How do you monitor costs in production?

Step 8: Log token usage

The AI SDK gives you access to token usage after each request completes. Log it.

Ship this from day one. Not after you get the bill. We learned this the hard way — a client's chatbot feature went live without token logging, and we did not realize until the weekly invoice that one power user was burning through $40 per day in API calls by pasting in full PDF transcripts.

“The API bill is never a surprise if you log every request from day one. It is only a surprise when you do not.”

Fordel internal engineering playbook

Step 9: Set spending alerts

OpenAI and Anthropic both support usage limits and spending alerts in their dashboards. Set them. A hard cap at your monthly budget prevents runaway costs even if your application-level guardrails fail.

Cost control checklist

Set maxTokens on every streamText call — never let the model decide how long to generate
Validate input length server-side before sending to the LLM
Limit conversation depth to prevent quadratic cost growth
Log token usage on every request with estimated cost
Set API provider spending limits as a backstop
Give users a stop button to abort unnecessary generation
Use gpt-4o-mini or claude-3.5-haiku for features that do not need the flagship model

···

What are the most common mistakes?

After building AI features into six production apps this year, here are the patterns we see go wrong repeatedly.

Mistake 1: Using the flagship model for everything

GPT-4o costs 10 times more than GPT-4o-mini per token. Claude Opus costs 15 times more than Haiku. Most conversational features — summarization, Q&A, simple chat — work just as well on the smaller model. Start with mini or haiku and only upgrade if quality is genuinely insufficient. The AI SDK makes switching a one-line change.

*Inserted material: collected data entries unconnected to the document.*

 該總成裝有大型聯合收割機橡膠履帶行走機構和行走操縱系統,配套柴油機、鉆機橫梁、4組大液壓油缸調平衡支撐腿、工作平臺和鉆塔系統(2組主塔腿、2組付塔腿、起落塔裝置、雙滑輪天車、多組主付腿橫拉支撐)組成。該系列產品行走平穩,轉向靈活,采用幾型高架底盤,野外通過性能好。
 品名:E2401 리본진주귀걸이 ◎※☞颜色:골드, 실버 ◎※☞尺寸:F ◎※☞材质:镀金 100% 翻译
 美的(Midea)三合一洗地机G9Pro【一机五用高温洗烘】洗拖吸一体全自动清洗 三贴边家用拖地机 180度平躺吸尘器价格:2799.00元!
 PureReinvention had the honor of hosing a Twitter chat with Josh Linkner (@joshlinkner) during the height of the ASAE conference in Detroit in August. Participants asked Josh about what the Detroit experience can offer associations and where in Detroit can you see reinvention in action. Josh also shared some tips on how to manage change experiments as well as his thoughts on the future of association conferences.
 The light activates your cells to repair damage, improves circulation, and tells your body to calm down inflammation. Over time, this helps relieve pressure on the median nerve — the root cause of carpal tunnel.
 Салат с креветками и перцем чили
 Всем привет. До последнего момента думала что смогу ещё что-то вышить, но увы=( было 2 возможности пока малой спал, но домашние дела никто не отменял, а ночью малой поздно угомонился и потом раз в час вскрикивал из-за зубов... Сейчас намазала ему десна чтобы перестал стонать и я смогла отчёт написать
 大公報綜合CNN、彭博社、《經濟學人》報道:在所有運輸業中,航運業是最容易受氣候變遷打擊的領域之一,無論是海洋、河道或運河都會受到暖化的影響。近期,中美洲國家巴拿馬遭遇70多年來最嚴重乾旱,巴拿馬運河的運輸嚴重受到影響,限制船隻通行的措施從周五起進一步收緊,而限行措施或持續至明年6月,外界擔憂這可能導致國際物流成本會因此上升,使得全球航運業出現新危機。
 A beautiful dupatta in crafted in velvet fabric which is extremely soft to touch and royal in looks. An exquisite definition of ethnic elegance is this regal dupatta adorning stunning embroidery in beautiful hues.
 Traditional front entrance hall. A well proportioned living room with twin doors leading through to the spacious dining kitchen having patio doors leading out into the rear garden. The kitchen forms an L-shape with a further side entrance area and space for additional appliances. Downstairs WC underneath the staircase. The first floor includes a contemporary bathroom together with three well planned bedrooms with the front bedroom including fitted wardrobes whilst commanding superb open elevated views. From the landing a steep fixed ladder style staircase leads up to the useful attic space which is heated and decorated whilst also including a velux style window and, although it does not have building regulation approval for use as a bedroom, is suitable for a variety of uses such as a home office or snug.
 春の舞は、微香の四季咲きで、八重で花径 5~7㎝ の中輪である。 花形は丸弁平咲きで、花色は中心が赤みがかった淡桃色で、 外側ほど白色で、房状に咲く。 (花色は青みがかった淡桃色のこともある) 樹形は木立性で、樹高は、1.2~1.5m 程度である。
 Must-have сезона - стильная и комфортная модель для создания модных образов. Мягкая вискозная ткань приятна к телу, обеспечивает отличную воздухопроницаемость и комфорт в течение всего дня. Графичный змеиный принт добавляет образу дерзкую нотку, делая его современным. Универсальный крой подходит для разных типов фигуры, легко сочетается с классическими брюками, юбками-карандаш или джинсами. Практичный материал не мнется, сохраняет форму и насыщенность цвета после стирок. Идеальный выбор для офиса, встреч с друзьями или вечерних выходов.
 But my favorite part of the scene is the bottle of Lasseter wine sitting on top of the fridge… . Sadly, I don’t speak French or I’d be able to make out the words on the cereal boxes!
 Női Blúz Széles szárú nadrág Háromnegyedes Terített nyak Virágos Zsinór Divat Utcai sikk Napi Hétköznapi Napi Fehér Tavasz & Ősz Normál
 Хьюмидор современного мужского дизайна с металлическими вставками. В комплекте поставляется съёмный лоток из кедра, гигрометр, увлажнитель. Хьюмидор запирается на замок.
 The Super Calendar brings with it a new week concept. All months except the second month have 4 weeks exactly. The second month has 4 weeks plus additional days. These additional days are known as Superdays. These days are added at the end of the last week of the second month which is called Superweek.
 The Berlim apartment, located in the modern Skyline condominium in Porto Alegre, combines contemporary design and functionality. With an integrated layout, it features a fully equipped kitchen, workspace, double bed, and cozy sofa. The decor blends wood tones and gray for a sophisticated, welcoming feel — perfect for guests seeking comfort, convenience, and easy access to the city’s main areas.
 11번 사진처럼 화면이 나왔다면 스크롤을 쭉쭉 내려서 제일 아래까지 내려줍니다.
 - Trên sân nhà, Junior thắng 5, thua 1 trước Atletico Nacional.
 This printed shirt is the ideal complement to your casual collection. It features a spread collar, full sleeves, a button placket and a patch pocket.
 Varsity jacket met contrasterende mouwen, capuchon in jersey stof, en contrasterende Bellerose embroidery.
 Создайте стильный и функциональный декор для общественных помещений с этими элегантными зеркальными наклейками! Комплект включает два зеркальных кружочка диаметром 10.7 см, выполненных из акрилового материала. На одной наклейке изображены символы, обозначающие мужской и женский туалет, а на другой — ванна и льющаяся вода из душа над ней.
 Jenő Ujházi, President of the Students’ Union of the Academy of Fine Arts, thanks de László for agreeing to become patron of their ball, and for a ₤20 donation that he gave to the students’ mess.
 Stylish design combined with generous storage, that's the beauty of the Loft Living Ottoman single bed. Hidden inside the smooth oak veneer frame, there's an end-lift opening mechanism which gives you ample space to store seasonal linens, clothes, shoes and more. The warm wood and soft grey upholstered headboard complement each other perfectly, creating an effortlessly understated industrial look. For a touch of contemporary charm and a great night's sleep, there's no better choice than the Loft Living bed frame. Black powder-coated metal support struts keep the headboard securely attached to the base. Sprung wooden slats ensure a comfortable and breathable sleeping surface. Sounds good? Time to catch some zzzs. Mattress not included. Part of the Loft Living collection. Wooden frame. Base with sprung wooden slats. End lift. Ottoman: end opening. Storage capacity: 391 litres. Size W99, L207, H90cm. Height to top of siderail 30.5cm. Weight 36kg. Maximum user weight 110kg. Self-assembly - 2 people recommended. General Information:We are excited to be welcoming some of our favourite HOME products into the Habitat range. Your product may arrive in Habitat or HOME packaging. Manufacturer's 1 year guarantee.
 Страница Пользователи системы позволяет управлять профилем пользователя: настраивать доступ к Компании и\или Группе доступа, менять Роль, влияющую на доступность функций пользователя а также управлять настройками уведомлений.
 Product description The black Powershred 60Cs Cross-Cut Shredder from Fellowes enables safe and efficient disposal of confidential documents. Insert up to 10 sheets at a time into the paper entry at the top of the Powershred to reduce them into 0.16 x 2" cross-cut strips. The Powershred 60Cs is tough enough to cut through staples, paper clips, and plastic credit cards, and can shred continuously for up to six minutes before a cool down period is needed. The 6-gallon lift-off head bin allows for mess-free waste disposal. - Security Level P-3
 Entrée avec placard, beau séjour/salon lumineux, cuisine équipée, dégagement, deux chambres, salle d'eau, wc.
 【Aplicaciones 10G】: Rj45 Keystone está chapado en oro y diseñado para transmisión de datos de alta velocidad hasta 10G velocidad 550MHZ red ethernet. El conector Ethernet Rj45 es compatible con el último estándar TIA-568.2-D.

Mistake 2: Not setting maxTokens

Without maxTokens, the model generates until it hits its internal limit or decides the response is complete. For a simple yes-or-no question, that might be 50 tokens. For a vague open-ended question, it could be 4,000. Your cost per request becomes unpredictable, which makes budgeting impossible.

Mistake 3: Sending the full conversation history forever

Every message in the messages array gets sent to the API on every request. A 50-message conversation means the model processes all 50 messages — plus its response — every time the user sends a new message. Either limit conversation length, implement a sliding window, or summarize older messages.

Mistake 4: No rate limiting

A single user can fire 100 requests per minute from the browser if you do not stop them. Add rate limiting at the API route level. Vercel KV or Upstash Redis work well for this. Even a simple in-memory counter per IP address is better than nothing.

Mistake 5: Exposing the API key client-side

This sounds obvious, but we have seen it in production code reviews. If your OPENAI_API_KEY is in an environment variable that starts with NEXT_PUBLIC_, it is in the browser bundle. Anyone can extract it and run up your bill. API keys belong in server-side route handlers only.

···

What do you have now?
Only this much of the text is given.